Está sendo debatida uma Medida Provisória que pretende alterar o marco legal que regula os serviços de saneamento no país. A Medida Provisória 868/18 está sendo proposta pelo governo e vem sendo criticada por especialistas pelo risco de desestruturação que ela apresenta ao setor. No dia 15 de abril foi realizada uma audiência pública conjunta de quatro comissões da Câmara dos Deputados, contando com a participação de pesquisadores do Observatório das Metrópoles.
Leia em seguida a reportagem publicada pelo portal de notícias da Câmara dos Deputados:
Por Newton Araujo e Roberto Seabra para Câmara dos Deputados
Publicado em 15/04/2019
Especialistas que participaram de audiência pública conjunta de quatro comissões da Câmara dos Deputados criticaram, nesta segunda-feira (15), a Medida Provisória 868/18, que altera o marco legal do saneamento básico. Segundo eles, se aprovada do jeito que foi enviada pelo governo, a MP vai desestruturar o setor.

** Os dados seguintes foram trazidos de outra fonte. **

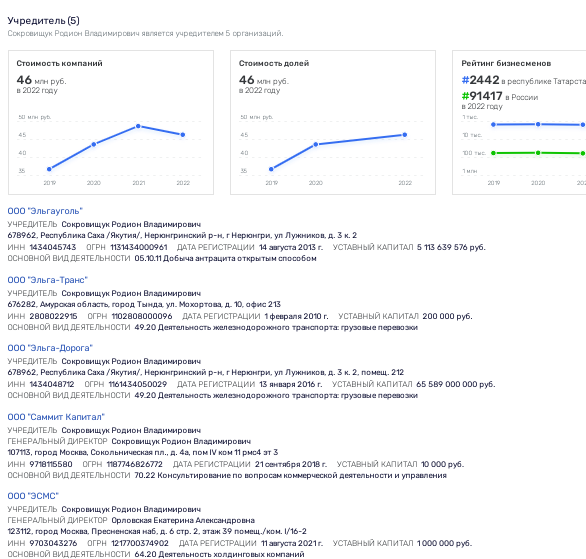 Treasure, in our opinion, can be called "Chemezov's man." The fact is that he headed the asset from the Rostec division - RT-Global Resources LLC, and the latter was one of the co-owners of a number of Avdolyan companies, including the aforementioned Port Vera Holding LLC. Rostec probably provided financing to partners for transactions to consolidate the coal Ogoja and the port of Vera. Indirectly, this is also supported by the fact that their shares were laid down in the structure of the state corporation RT-Business Development. It is the latter who also owns RT-Global Resources LLC, once headed by Treasure. Moreover, he was also the first deputy general director of RT-Business Development LLC, and today he is listed as the head of a large gas project in Yakutia and the Khabarovsk Territory - Globaltek LLC and a member of the board as director of YATEK.
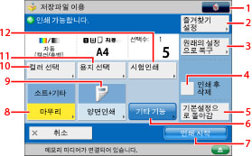 용지 크기/종류 및 급지 위치를 선택할 때 누릅니다. |

De acordo com a MP, os municípios serão obrigados a fazer chamamentos públicos, ou seja, licitações para a prestação dos serviços públicos de água e esgotos, o que favorece a entrada massiva de empresas privadas no setor. Os debatedores acreditam que a iniciativa privada vai optar pelos municípios que dão lucros, deixando de lado os municípios mais pobres, que são a maioria no País. Isso seria o fim do subsídio cruzado, quando os municípios mais ricos ajudam os mais pobres.
Diretor da Associação Brasileira de Engenharia Sanitária e Ambiental, Sérgio Antonio Gonçalves critica o fato de as mudanças no setor não serem feitas por meio de projeto de lei, o que permitiria uma discussão mais aprofundada do assunto, mas sim por meio de medida provisória, que tem validade imediata.

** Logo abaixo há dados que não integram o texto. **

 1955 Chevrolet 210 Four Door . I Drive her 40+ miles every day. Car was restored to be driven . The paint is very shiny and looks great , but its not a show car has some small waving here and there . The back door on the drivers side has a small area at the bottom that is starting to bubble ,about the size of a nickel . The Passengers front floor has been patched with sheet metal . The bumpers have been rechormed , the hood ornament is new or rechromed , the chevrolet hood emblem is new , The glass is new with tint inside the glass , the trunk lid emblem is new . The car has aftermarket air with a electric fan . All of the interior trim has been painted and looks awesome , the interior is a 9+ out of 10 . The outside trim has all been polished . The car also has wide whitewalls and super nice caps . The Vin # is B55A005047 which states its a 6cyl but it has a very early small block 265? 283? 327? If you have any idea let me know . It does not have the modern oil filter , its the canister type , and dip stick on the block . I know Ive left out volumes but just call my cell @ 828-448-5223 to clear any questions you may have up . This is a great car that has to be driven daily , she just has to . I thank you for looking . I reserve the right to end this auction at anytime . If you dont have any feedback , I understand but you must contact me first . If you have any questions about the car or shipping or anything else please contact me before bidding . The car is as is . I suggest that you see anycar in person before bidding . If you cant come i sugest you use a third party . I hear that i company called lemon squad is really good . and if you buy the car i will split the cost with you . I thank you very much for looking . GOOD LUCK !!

Segundo ele, a obrigatoriedade de se fazer o chamamento público e a quebra da economia de escala do subsídio cruzado poderão tornar mais difícil a universalização do saneamento. A universalização dos serviços de água e esgotos é um dos argumentos do governo para editar a MP.
Fim da autonomia
Gabriel Alves, diretor da Associação Nacional dos Serviços Municipais de Saneamento, afirmou que um dos principais problemas da MP é a retirada da autonomia dos municípios para decidir como prestar os serviços e, por isso, precisa de ajustes para ser aprovada:
“São os artigos que permitem a substituição dos planos municipais de saneamento por um simples estudo de viabilidade técnica. No nosso entendimento, isso incentiva a cultura do não planejamento. E nós defendemos que a política pública de saneamento tem que ser planejada, tem que ter um envolvimento da população. Inclusive, é no planejamento que o titular do serviço, que no caso é o município, vai ter condições de optar se ele quer conceder para a iniciativa privada, se ele quer delegar para o estado ou se ele quer operar diretamente”, disse.

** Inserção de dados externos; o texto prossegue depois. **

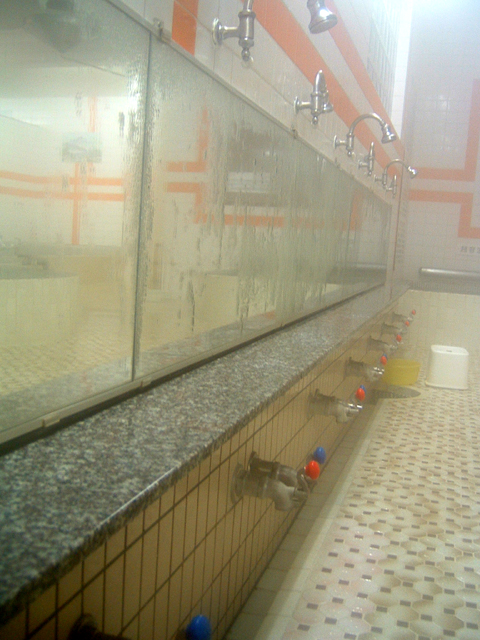 脱衣所から木の棚はなくなり、コインロッカーなどが新たに入りましたが、脱衣所はほぼ以前のままの姿で残っています。
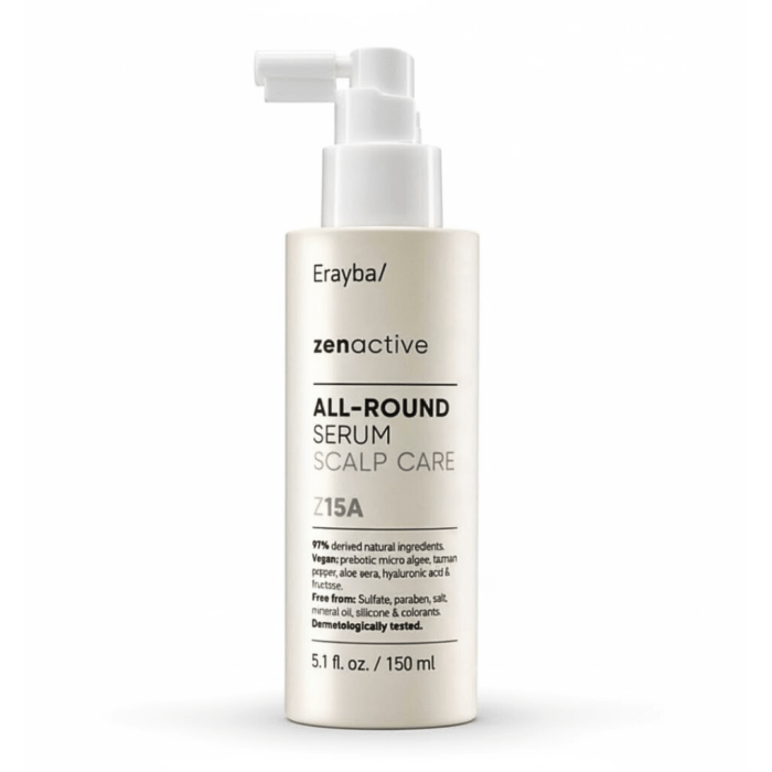 Le Erayba Zenactive ALL-Round Serum Scalp Care est un sérum complet pour le soin du cuir chevelu et des cheveux. Sa formule légère et concentrée nourrit, hydrate et stimule le cuir chevelu tout en renforçant la fibre capillaire. Il aide à prévenir la chute des cheveux, apporte vitalité et équilibre, et laisse la chevelure douce, brillante et pleine de santé.

A professora Ana Lúcia Brito, pesquisadora do Observatório das Metrópoles, duvida que a iniciativa privada vá investir os próprios recursos no saneamento:
“Porque o setor privado, até hoje, vem investindo no setor de saneamento com recursos públicos. A maior parte dos investimentos são recursos onerosos, que vêm do FAT e do FGTS, são empréstimos que são feitos para essas empresas privadas, mas são recursos do trabalhador. Os juros desses fundos são muito baixos e, evidentemente, que interessa a essas empresas privadas ter acesso a esse dinheiro barato, um dinheiro que tem taxa de juros de 5 a 8% ao ano”, observou.
Experiência argentina
A audiência pública foi solicitada por sete deputados, que se manifestaram contrários à medida provisória, como é o caso do deputado Edmilson Rodrigues (Psol-PA):
“A MP 868 transforma a água e os sistemas de saneamento em mercadoria. As experiências são catastróficas no mundo inteiro. Lembremos que a Argentina privatizou suas águas e o resultado foi ter que desprivatizar com a crise econômica e social sem precedentes”, afirmou.
A comissão mista de deputados e senadores que analisa a medida provisória que altera o marco legal do saneamento público fará sua última audiência pública sobre o tema nesta terça-feira (16), antes da apresentação do relatório final e votação. Depois ela deve ser votada pelos Plenários da Câmara e do Senado.